Foundation Medicine is one of the early diagnostic companies that have used this technology to look broadly at several hundred genes. So now their signatures are close to 600 genes that they are looking at to try to identify the landscape of a tumor. This is done, practically, out of a fraction of a tissue from the paraffin section from the original biopsy. Through the technology, it takes 2 to 3 weeks and you get a result that gives you a landscape of the predominant anomalies and the goal is to try to see if there is something that can be used as a marker of a driver of a cancer cell to use either for treatment with approved agents or for a clinical trial.

For example, lung cancer used to be “one-size-fits-all” for chemotherapy. Now, there are 14 mutations that are important to try to identify to change the treatment, so we look at the genetic defect to try to pick a novel therapy instead of chemotherapy.

For patients who have failed all standard therapies and for which there are no other approved treatments, we like to identify some of these mutations that can sometimes give us a driver that we can target with a novel therapy.

Another implication that is also important is to identify which patients are responding early on so you can pick the patient for a clinical trial and give them the right drug earlier instead of looking at all the patients.

This effort of precision medicine is very important and many diagnostic companies are looking at this to try to help oncologists make better decisions. The problem that we face is that this is still somewhat fishing for abnormalities and the yield is sometimes difficult and it’s an expensive process but there is no question this is where the field is going.

What do you think the partnership between Roche and Foundation Medicine means for community oncologists?

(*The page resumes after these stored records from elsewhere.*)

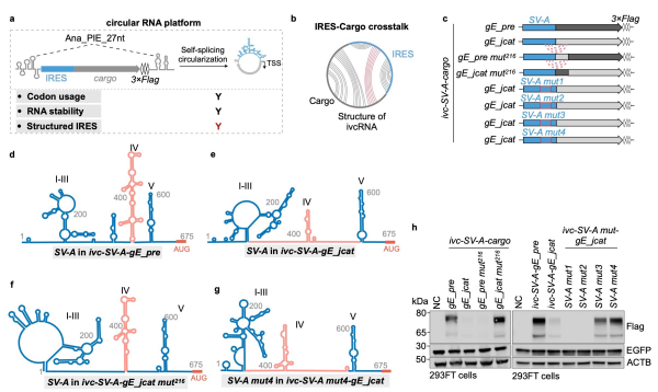 研究基于高效的自剪接成環系統,構建了不同病毒來源IRES以及相同熒光素酶報告基因的ivcRNAs。研究同時利用相關技術,在活細胞中直接解析長鏈環形RNA的二級結構。為驗證IRES與cargo之間不利的相互作用會損害IRES結構并抑制翻譯,研究設計了定點突變實驗,在cargo區或IRES結構域IV引入點突變,以構建不同突變類型的ivcRNAs。分析顯示,這些突變阻斷了IRES與cargo間的堿基配對,恢復了SV-A結構域IV的十字形構象。基于此,研究通過定量指標,量化SV-A結構變化。修復SV-A結構后,gE蛋白表達完全或部分恢復,且表達水平與IRES結構域IV的結構完整性呈強正相關。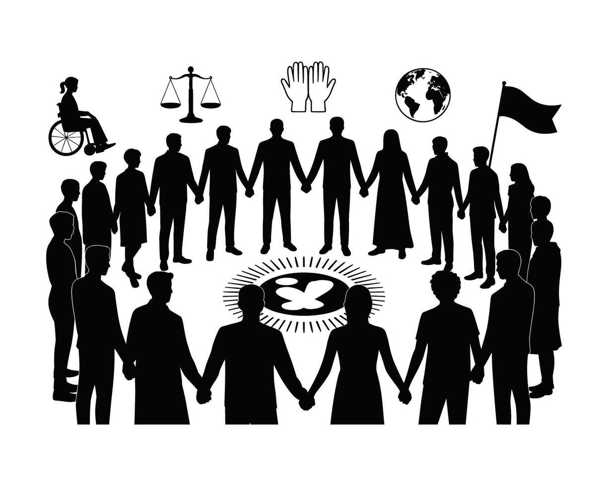 Diverse group of people holding hands in a circle representing unity diversity and global community Free Vector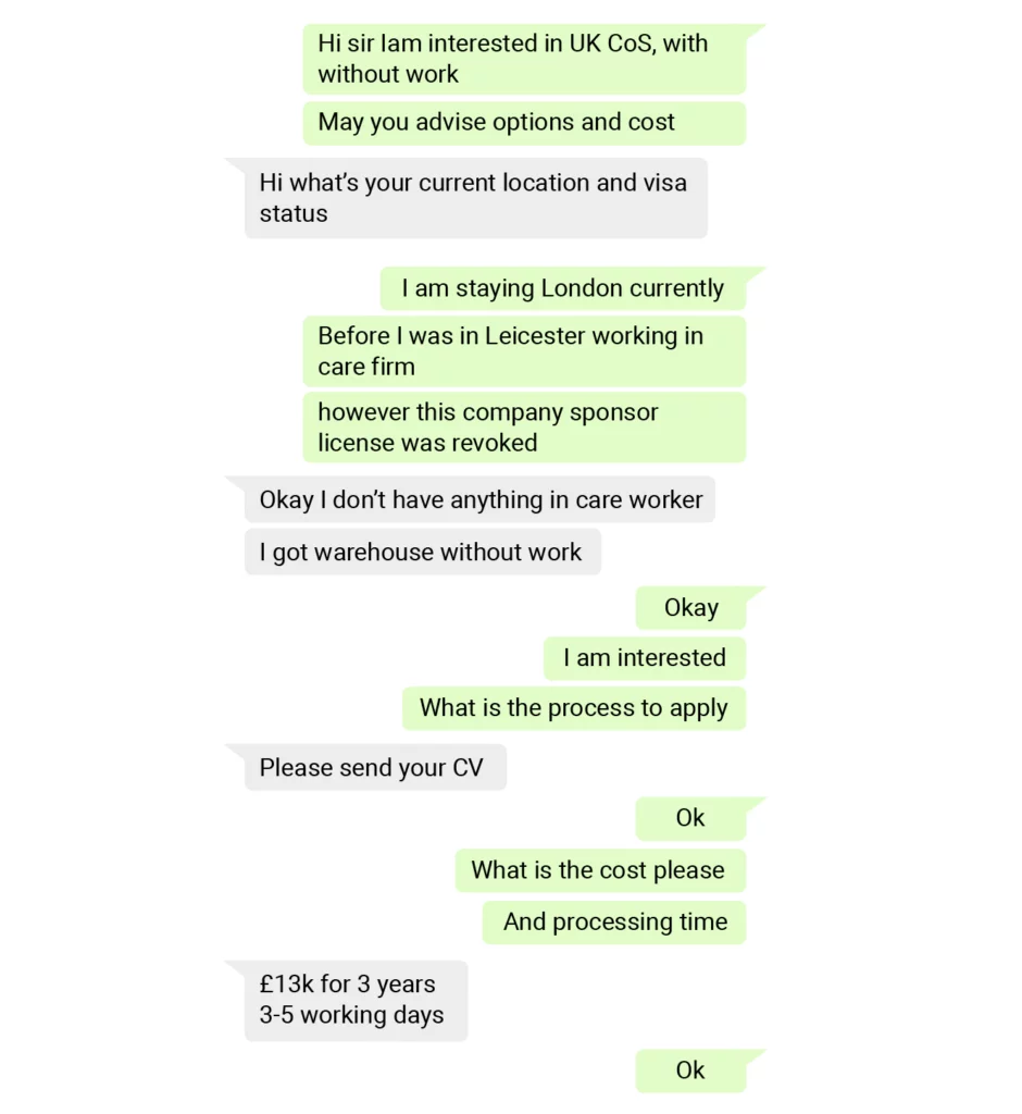 The Times провела расследование рынка фиктивных рабочих мест. Схема простая: за £13 000 посредник помогает оформить CoS (сертификат спонсорства), который позволяет подать заявление на визу Skilled Worker. На бумаге всё выглядит законно: есть даже банковские выписки и платежные ведомости, подтверждающие необходимый для визы доход.

So now with the joint venture with Roche, which is the largest drug manufacturer of cancer drugs, this is going to be a huge push to try to identify areas for diagnostic development, to try to identify signatures, and try to characterize early on a subset of patients who can either benefit from experimental therapies or an agent that is already approved.

This is going to help, hopefully, if we can continue this effort, to develop both for standard therapy but also for novel therapies and drug development.

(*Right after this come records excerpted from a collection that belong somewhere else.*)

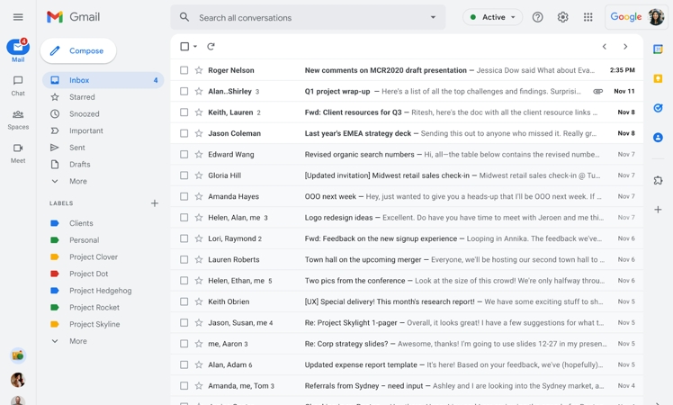 Daneben finden sich die einzelnen Postfächer und Tags, während im Hauptbereich wie vorher die Mailliste zu finden ist. Das Ganze wirkt aufgeräumter und kompakter als zuvor, was Googles neuem Material Design entspricht.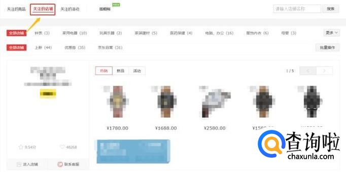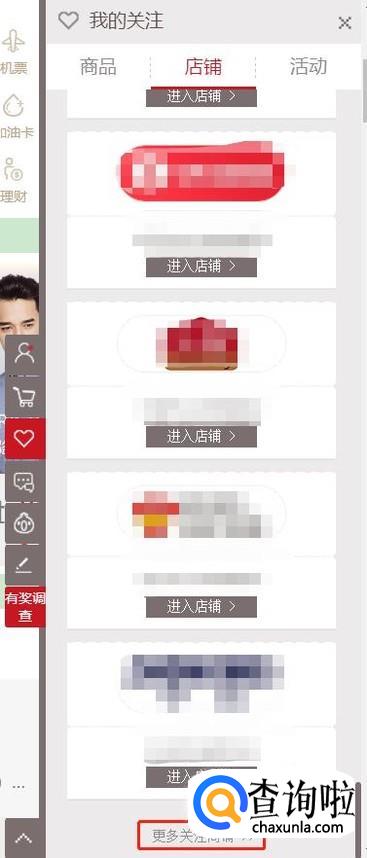 在自己关注的店铺最下方找到"更多关注店铺",然后系统会切换到店铺列表页,如下图所示;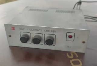 Amplificador compacto de 10W. - Modelo SK 4. - Diseño plateado y negro. - Incluye control de volumen y selector.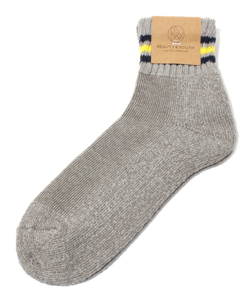 プレップ感のあるライン入りのクォーターソックス。通年でご使用いただけ大変お勧めです。BEAUTY&YOUTHらしいカラーリングを落としこみ、今期のスタイリングにもぴったりなアイテムに仕上がりました。コーディネートのアクセントにぜひお楽しみください! 店舗にてお問い合わせの際は、全国のBEAUTY&YOUTH 各店舗まで下記の品番をお申し付け下さい。品名:BY 3LINE QT 品番:1435-699-1297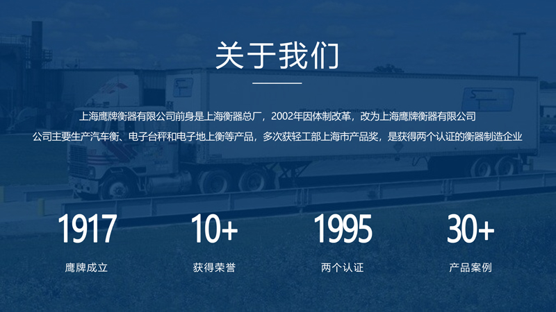 上海鷹牌衡器有限公司是上海衡器總廠轉制的企業(yè),前身是上海衡器總廠,創(chuàng)建于1917年,是地磅等衡器設計、制造廠家,主營電子地磅、電子秤以及地磅維修,2002年因體制改革,改為上海鷹牌衡器有限公司!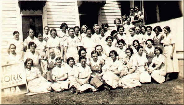 Gr.mother 2nd from the right front row: Her name was Ines Maple, Howard, Bush, Risinger. WPA days they did cooking, laundry, house cleaning.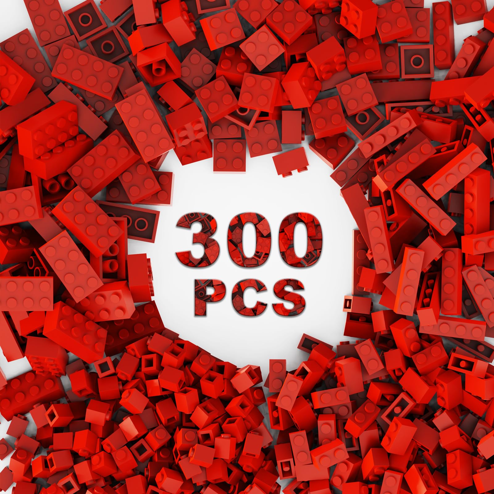 Webrick 300 Pcs Classic Building Bricks, Red Bulk Bricks,Compatible With Lego And Major Brands Parts And Pieces, Creative Buildi

What do you think are the next steps for the collaboration?

When you characterize a cancer, you look at the staging, you do blood work, scans, etc, and you try to make a recommendation. So now, we are looking at the abnormalities of cancers to help make a decision but this is still not enough, given the diversity of cancer.

It is sometimes difficult to have enough tissue or to have the tissue available and when someone relapses, they are not always rebiopsied.

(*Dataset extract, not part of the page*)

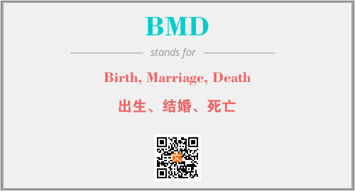 英文缩略词“BMD”经常作为“Birth, Marriage, Death”的英文缩写来使用,中文表示:“出生、结婚、死亡”。本文将详细介绍英文缩写词BMD所代表英文单词,其对应的中文拼音、详细解释以及在英语中的流行度。此外,还有关于缩略词BMD的分类、应用领域及相关应用示例等。
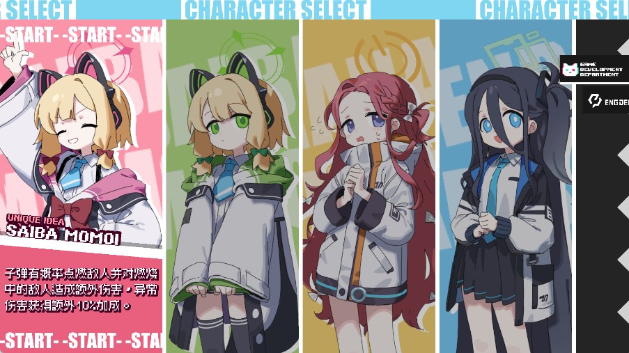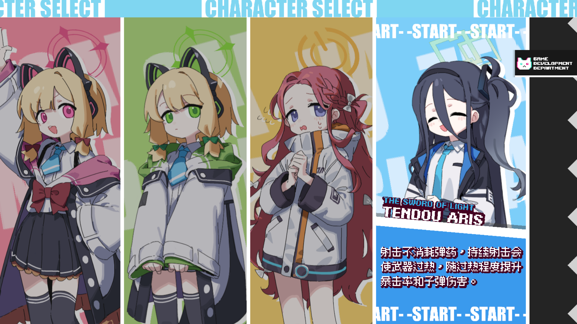 游戏开场由玩家在多个碧蓝档案角色中挑选,每名角色拥有不同技能与属性设定,战斗方式亦各具特色。同时需搭配初始武器,武器种类繁多,有的射速快,有的伤害高,组合得当能极大提升作战效率。

So what’s going to be really exciting, and one of the major benefits of this collaboration, is the ability to start moving toward the next technology, which is either going to be naked DNA or circulating tumor cells (CTCs). CTCs can be detected early on in a large number of cancers and they are obviously not very numerous, but if you can detect those cells, develop a technology that can be used in the peripheral blood, this will have a huge impact for early diagnosis of recurrence, early diagnosis in general, and for looking at responses while a patient is receiving treatment.